Gary Shattuck’s engaging history of Vermont in the mid-nineteenth century is a masterful
account of a pivotal period often overlooked by Vermonters and Vermont historians….  Shattuck’s descriptions of Vermont’s experiences with abortion and infanticide and the creation of its registry system in 1857 are first rate.
Randolph A. Roth, Professor of History and Sociology, Ohio State University

 

To explain Vermont’s population growth of a miniscule .01% in the 1850s, Green Mountain historians traditionally declared it the beginning of a “long” winter for the state.  Gary Shattuck’s Magician has put a blow torch to that perspective as hot as the fire that consumed the Statehouse.  Drawing on fresh sources like the directors’ minutes of the Rutland Railroad, the courts, the Vermont Medical Society, and more, Shattuck reveals a lively society coping with urbanism, new technology, social issues, criminality, and more as it struggled with the traditional reverence for individuality and the need for statewide standards.

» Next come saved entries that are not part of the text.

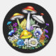 Aquarelle colorée illustration d'un champignon et de fleurs en jaune, rouge, violet et bleu.
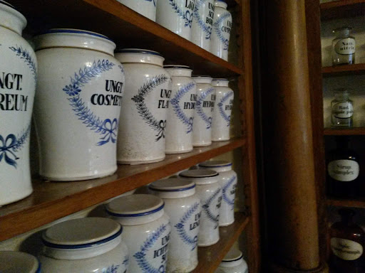 Es handelt sich um eine funktionstüchtige Apotheke mit den Materialien aus dem 19. und 20. Jahrhundert. Die Regale stammen noch aus dem Jahr 1806. In vielen Schubläden und Glaskästen sahen wir alte Medikamentenbehältnisse und Utensilien.
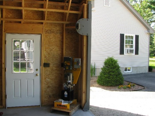 Worked on hanger door installation. Erected both side legs. Trimmed sheathing and verified door fit.
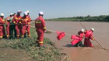 Hero firemen swim through flash floods to save trapped couple
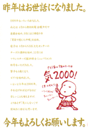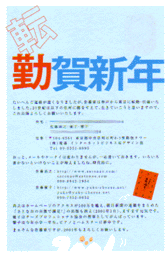 21世紀始まりの年。 ボクにとっては転勤の次の年。転勤・転居報告も兼ねた年賀状です。つまり「転勤+謹賀新年」ですね。 報告することが多かったので、全体に字が小さくなってしまい、ご老人方に不評でした(泣
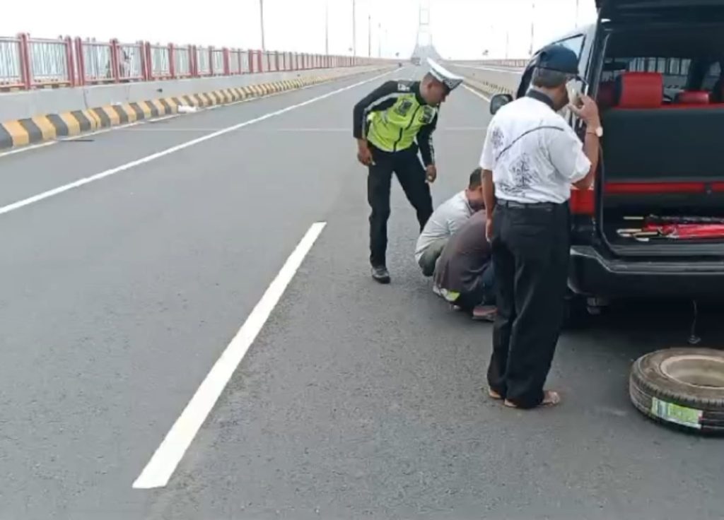 Anggota Satuan Lalu Lintas (Satlantas) Polres Bangkalan, Aipda Maulidi melakukan aksi kepedulian dengan membantu seorang warga yang mengalami pecah ban mobil di Jembatan Tol Suramadu sisi Madura.
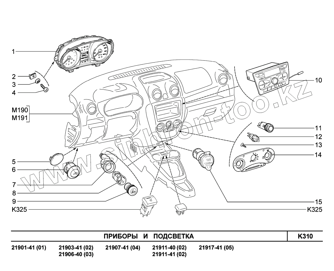 Каталог запасных частей к технике: ВАЗ LADA Granta 2190. K310. Приборы и подсветка
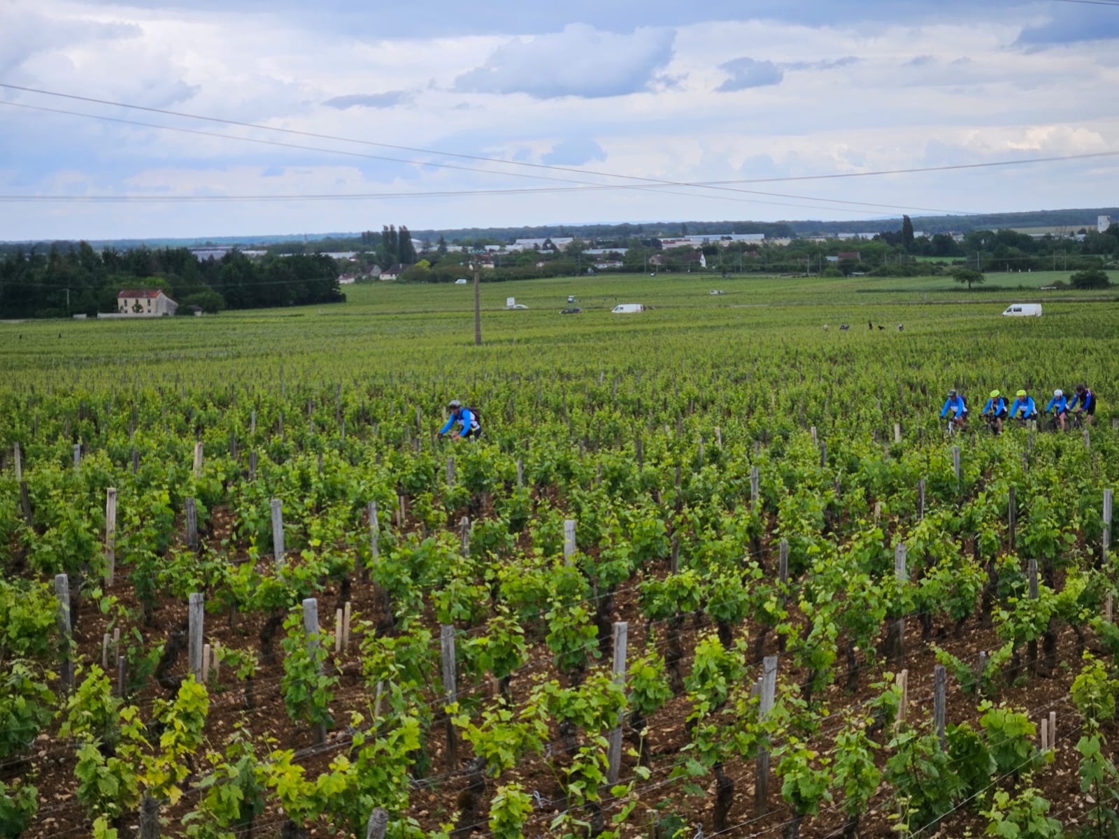 Du vendredi 24 au Lundi 27 Mai, méga déportée à Meursault (Côte d’Or), des vignes et des champs de céréales sous un ciel mitigé distribuant des pluies légères et éparses. Cette région est riche en sites historiques, en spécialités gastronomiques, en appellations viticoles … sans oublier ses routes, ses chemins et son relief fort prisés des cyclistes.
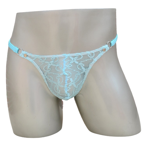 Męskie stringi koronkowe - błękitne

H. Nicholas Muller III, Historian and author

We are experiencing a new golden age of Vermont history, and Gary Shattuck is at the head of
the parade.  Unlike many Vermont historians, Shattuck never accepts any conventional wisdom without
rigorous proof.  His diligent research reveals evidence that contradicts our nostalgic notions of the
past.  By the Wand of Some Magician opens up the second half of the nineteenth century as no other study has. 
Paul S. Gillies, Esq., author The Law of the Hills: A Judicial History of Vermont

In By the Wand of Some Magician, Gary Shattuck turns his formidable research skills to a relatively understudied period in Vermont history.  With particular emphasis on the 1850s, Shattuck highlights the tensions and fault lines that afflicted Vermonters as they grappled with enormous changes wrought by the arrival of the railroads.